Task:
Every line from the one containing "superficie del pane." to the one containing "For them to" in the records below, both included, must be set down exactly, and no other line.

Listed records:
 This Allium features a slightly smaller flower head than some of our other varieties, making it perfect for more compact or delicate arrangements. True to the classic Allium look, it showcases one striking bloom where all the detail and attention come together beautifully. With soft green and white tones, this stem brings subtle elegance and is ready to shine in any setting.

==

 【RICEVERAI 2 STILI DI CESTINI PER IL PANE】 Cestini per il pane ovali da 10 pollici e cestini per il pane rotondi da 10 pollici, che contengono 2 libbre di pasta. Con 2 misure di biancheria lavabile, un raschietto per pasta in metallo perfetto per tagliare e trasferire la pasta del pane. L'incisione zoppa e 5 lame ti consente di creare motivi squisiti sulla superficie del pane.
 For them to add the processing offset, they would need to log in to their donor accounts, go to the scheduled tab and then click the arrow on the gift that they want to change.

...

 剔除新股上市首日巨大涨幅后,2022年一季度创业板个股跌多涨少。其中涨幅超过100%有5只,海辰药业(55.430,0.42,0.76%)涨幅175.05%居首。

Response below:
 【RICEVERAI 2 STILI DI CESTINI PER IL PANE】 Cestini per il pane ovali da 10 pollici e cestini per il pane rotondi da 10 pollici, che contengono 2 libbre di pasta. Con 2 misure di biancheria lavabile, un raschietto per pasta in metallo perfetto per tagliare e trasferire la pasta del pane. L'incisione zoppa e 5 lame ti consente di creare motivi squisiti sulla superficie del pane.
 For them to add the processing offset, they would need to log in to their donor accounts, go to the scheduled tab and then click the arrow on the gift that they want to change.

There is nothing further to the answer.